The thought has crept into his mind every offseason for the past four or five years.

After pitching in his final start of the 2024 season, Charlie Morton handed over the ball to Atlanta manager Brian Snitker with one out in the fifth inning of a must-win late-September game for the Braves. He had allowed four runs on two homers and left a runner aboard, an uneven finish to his regular season in a pivotal game for his club.

As he headed toward the dugout, unsure if he would ever throw another pitch in the major leagues again, Morton sensed that the moment wasn’t right for the conclusion of his 17-year MLB career.

“I remember walking off the field and just this sinking feeling in my stomach that it just didn’t feel right,” Morton said in a video news conference Wednesday. “I’m sure a lot of guys towards the end of their careers, they think about retiring, shutting it down and you really want to walk off the field the last time and feel good about it. And a lot of guys don’t get that opportunity.

“I just didn’t feel good about it. I felt like I could have done better.”

He decided retirement would have to wait at least another year. Morton signed a one-year, $15 million contract with the Orioles this winter, extending his playing career into his age-41 season with a young ballclub hoping to lean on his durability and playoff experience. The right-hander has started at least 30 games in each of his past six full seasons, and he arrives in Baltimore a two-time World Series winner still capable of pitching important innings for a contending team.

Morton avoided checking in with his agents early in the offseason, enjoying some time with his wife and children before coming to a final decision. Once he did, however, he found the Orioles were among the potential suitors most interested in signing him. It was clear a return to the Braves wasn’t going to happen, but Baltimore — close in proximity to his family in Virginia and his in-laws up the East Coast — jumped out to him as an ideal fit.

“I was awarded enough time to sit back and think about it in the offseason and when the Orioles called, there were a couple of teams that called that I think would just work logistically with myself and my family because I do want to be somewhat close,” Morton said.

“Then there’s the team. There’s the group of guys that are in that clubhouse that have done some special things and a chance to be a part of that group, and getting to know the guys and getting to know the staff and the city of Baltimore, which I’ve loved playing when we visited, and they’re just a really talented group and young and exciting.”

With a $15 million investment, the Orioles showed they have just as much faith in Morton’s ability to rebound in 2025 as has in himself. His final season in Atlanta had plenty of positives despite his 4.19 ERA. He struck out opposing batters at an above-average clip of 23.8% and ranked among the league leaders with a 46.3% groundball rate. Morton’s average fastball velocity has remained around 94 mph for years, and he has a complete repertoire — including a back-breaking curveball that has become his primary pitch.

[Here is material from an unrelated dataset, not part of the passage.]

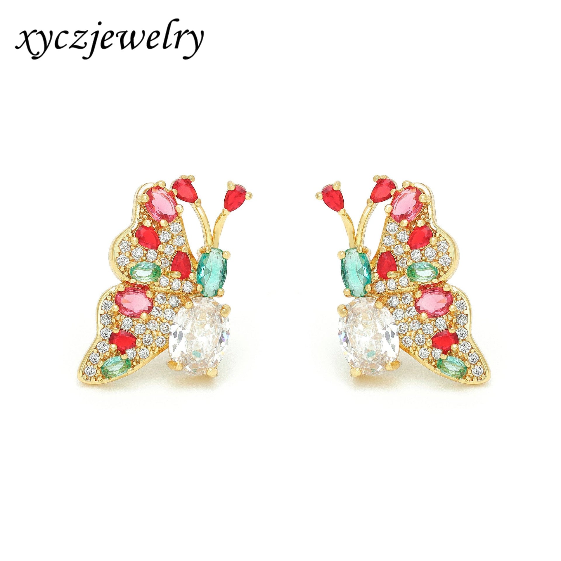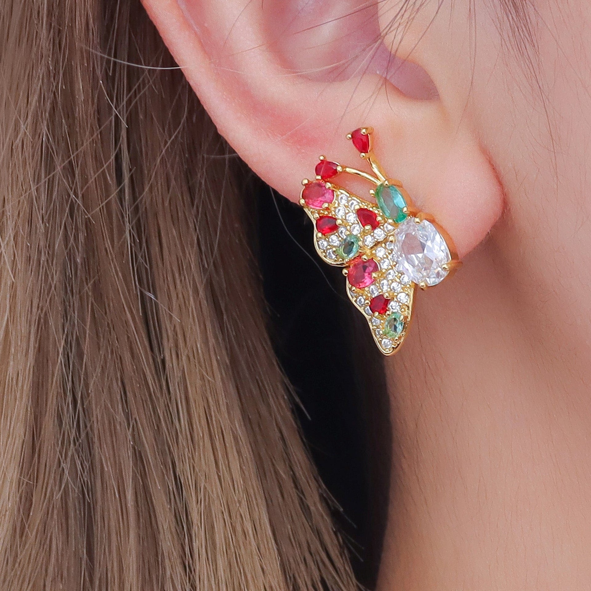 Brinco em latão de alta fusão cravejado manualmente com micro zircônia 5A premium e vidro lapidado, nas opções de banho Ouro 18k, Ródio branco ou Bruto.

Morton is the rare starter whose 30s proved more productive, and healthy, than his 20s. Coming off surgery to repair a torn hamstring in 2016, he wasn’t confident he would land a major league deal. The Houston Astros offered him a two-year pact and worked with him to revamp his approach. Results quickly followed and Morton, who to that point had a career 4.54 ERA, has since posted a mark of 3.64 and earned two All-Star Game selections.

Helping matters has been Morton’s ability to stay on the field. While the first half of his career was derailed by Tommy John elbow reconstruction surgery and the hamstring injury, the 2002 third-round draft pick hasn’t spent more than three consecutive weeks on the injured list in eight years. After averaging 18 starts per year through his age-29 campaign, he has improved that number to nearly 25 in the 11 years since.

“I look back 10 years ago, and to the last pitches I threw as a Pittsburgh Pirate as a sinkerballer, and to know how much I have changed, how personally, professionally, physically I’ve changed,” Morton said.

“I’ve changed my delivery. I’ve changed my workouts. There have been times where I changed what I ate, or just to try to be more cognizant of just, pretty much everything that I was doing with my body. Whether that was my mechanics or whatever, my pitch mix, I’ve been able to stay relatively healthy for the past seven or eight years and I started to get a better idea of what I was doing with my delivery and I think throwing a way that doesn’t hurt.”

With the Orioles, Morton will continue to be open to exploring change. That includes in the clubhouse, where he isn’t looking to pound any tables or assert a leadership style upon his new teammates. Morton, one of the oldest players in the sport, plans to spend what once again might be his final year in the majors soaking up the twilight of his career and doing whatever he can to be the piece the Orioles need him to be in their larger puzzle.

“As an individual you fit in different ways with different groups of guys,” Morton said. “I’m not going to be the same guy that I was with the Rays in the clubhouse. I’m not going to be the same guy that I was in the Astros’ or the Braves’ clubhouse.

“But I think really, the value to a person in the clubhouse is the human being that they are, and how much they care about their teammates and how much they care about their coaches and the people that they work with on a day-to-day basis.”